Now ${\displaystyle \omega ^{2}=(2\pi )^{2}\nu _{max}=(2\pi )^{2}\left({c_{e} \over a}\right)^{2}}$, and ${\displaystyle c_{e}\sim {\sqrt {M_{bulk} \over \rho }}}$, and ${\displaystyle M_{bulk}\sim {E_{c} \over a^{3}}}$, so we end up with

${\displaystyle {\lambda _{deBroglie}^{2} \over {\bar {d}}^{2}}\sim {(2\pi )^{2} \over 3}{E_{c} \over kT}\,\!}$

This means that the mean free path of an electron propagating through a lattice is ${\displaystyle \sim 600a}$ (several hundred lattice spacings). Thus (1) is higher by a factor of 200:

{\displaystyle {\begin{aligned}k_{c,insulator}&\sim 10^{-2}{cal \over cm\cdot s\cdot K}\\k_{c,metal}&\sim 2\\\end{aligned}}\,\!}

And as it turns out, Cu and Al have ${\displaystyle k_{c}=1}$, and Fe has ${\displaystyle k_{c}=0.2}$. On the other hand, liquid Hg has ${\displaystyle k_{c}=.01}$ because liquids have their long-range order broken, scattering electrons before thermal wiggling does.

• Notice also that though ${\displaystyle \lambda _{e}\propto {1 \over T}}$, (3) includes a factor of ${\displaystyle T}$, so thermal conductivity should be temperature-independent, which it is until at low energies there aren’t any phonons to scatter electrons, and then instead scatter off of the same impurities that scatter phonons in insulators.

### Electrical Conductivity (Resistivity)

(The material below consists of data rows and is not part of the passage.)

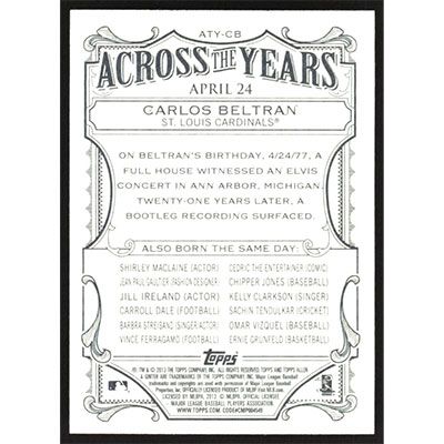 This is a 2013 Topps Allen & Ginter Across the Years Carlos Beltran baseball card. The card is #ATY-CB and pictures show condition. Team(s): St. Louis Cardinals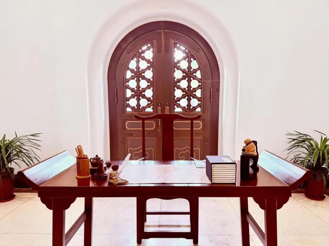 通过历史图像、文献档案和实物展品,展览内容丰富,形式多样,全景呈现了孙中山先生在沪的革命实践和建设理念。展区专门设置了一个半圆形拱门和泛黄文献的复古办公场景体验馆,再现了百年前的工作场景。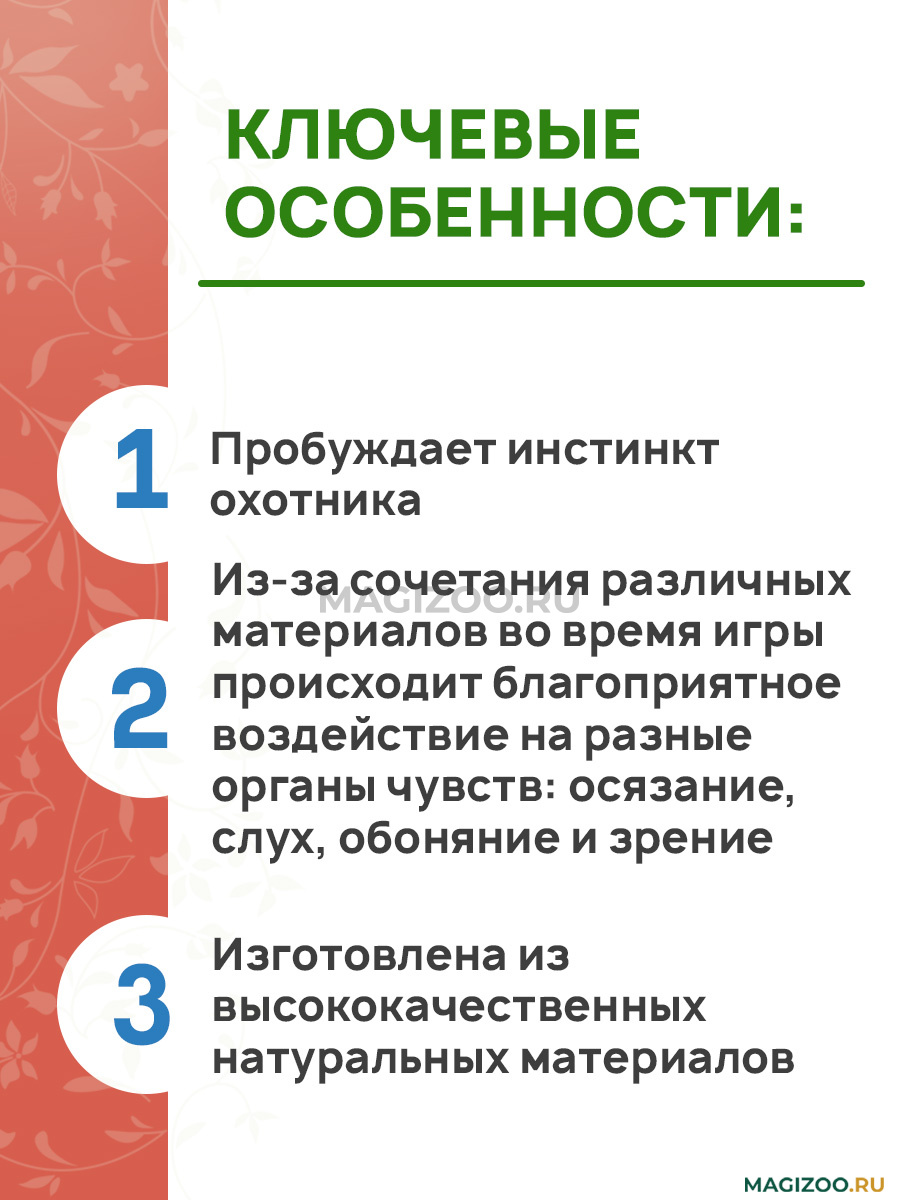 Игрушка - дразника не даст питомцу заскучать. Помогает поддерживать физическую форму. Удовлетворяет естественные потребности животного в охоте. Помогают установить контакт между кошкой и хозяином.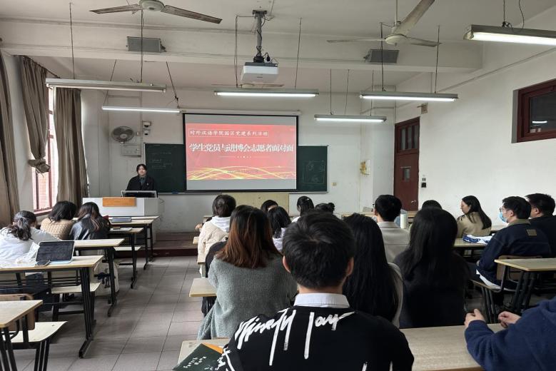 为践行习近平新时代中国特色社会主义思想,11月22日下午,篮球比分网 在徐汇校区一教314开展“学生党员与进博会志愿者面对面”园区党建系列活动暨11月主题党日活动。活动由学风创建创新团队党支部马文娟主持。

• The current through a wire of cross-section A, length L, and voltage V is
${\displaystyle I={VA \over L}\sigma _{e}\,\!}$

where ${\displaystyle \sigma _{e}}$ is the electrical conductivity, ${\displaystyle \sigma _{e}\equiv {1 \over \rho _{e}}}$. Now ${\displaystyle J={I \over A}}$ is the current density, ${\displaystyle {V \over L}=E}$ is the electric field, and ${\displaystyle J=\sigma _{e}E}$.

• Electrons encounter resistance from ions: ${\displaystyle I\equiv A\cdot J=A\cdot n_{e}\cdot e\cdot v_{drift}}$. The drift velocity is much smaller than the average forward velocity. ${\displaystyle v_{drift}\sim at_{free}\sim {eE \over m_{e}}{\lambda _{e} \over v_{forward}}}$. Thus:
${\displaystyle \sigma _{e}\sim {e^{2}n_{e}\lambda _{e} \over m_{e}v_{F}}\sim 8\cdot 10^{17}\left({T_{room} \over T}\right)s^{-1}\,\!}$

${\displaystyle 1s=9\cdot 10^{9}ohm\cdot m}$, so

${\displaystyle {\rho _{e}\sim 1\cdot 10^{-8}ohm\cdot m}\,\!}$

This estimate is a little low: Al is ${\displaystyle 3\cdot 10^{-8}ohm\cdot m}$, Cu is 2, Fe is 10, and liquid Hg is 100.

### Magnetic Diffusivity

• Magnetic fields decay because currents decay. This decay is governed by Ohmic diffusion. Ampere’s law says:
${\displaystyle {\vec {\nabla }}\times {\vec {B}}={4\pi {\vec {J}} \over c}\,\!}$

and Ohm says:

${\displaystyle {\vec {J}}=\sigma _{e}{\vec {E}}\,\!}$

and this gives us that

${\displaystyle {\vec {\nabla }}\times ({\vec {\nabla }}\times {\vec {B}})={4\pi \sigma _{e} \over c}{\vec {\nabla }}\times {\vec {E}}\,\!}$

Using Faraday’s law and the fact that there are no magnetic monopoles:

${\displaystyle {{\partial {\vec {B}} \over \partial t}={c^{2} \over 4\pi \sigma _{e}}\nabla ^{2}{\vec {B}}}\,\!}$

and ${\displaystyle \kappa _{m}\equiv {c^{2} \over 4\pi \sigma _{e}}}$ is the magnetic diffusivity.

• Thus, the Ohmic decay time is of order:
${\displaystyle t_{decay}\sim {L^{2} \over \kappa _{M}}\,\!}$

where L is the length scale over which B changes.

### Fluid Mechanics

• Navier Stokes
${\displaystyle {d{\vec {v}} \over dt}={\partial {\vec {v}} \over \partial t}+\underbrace {(v\cdot \nabla ){\vec {v}}} _{advective \atop term}=-\nabla \Phi -{\nabla P \over \rho }+\underbrace {\nu \nabla ^{2}{\vec {v}}} _{viscousdrag}\,\!}$

We’ll assume ${\displaystyle \rho }$ is constant ${\displaystyle (\nabla \cdot {\vec {v}}=0)}$, and that we are moving sub-sonically.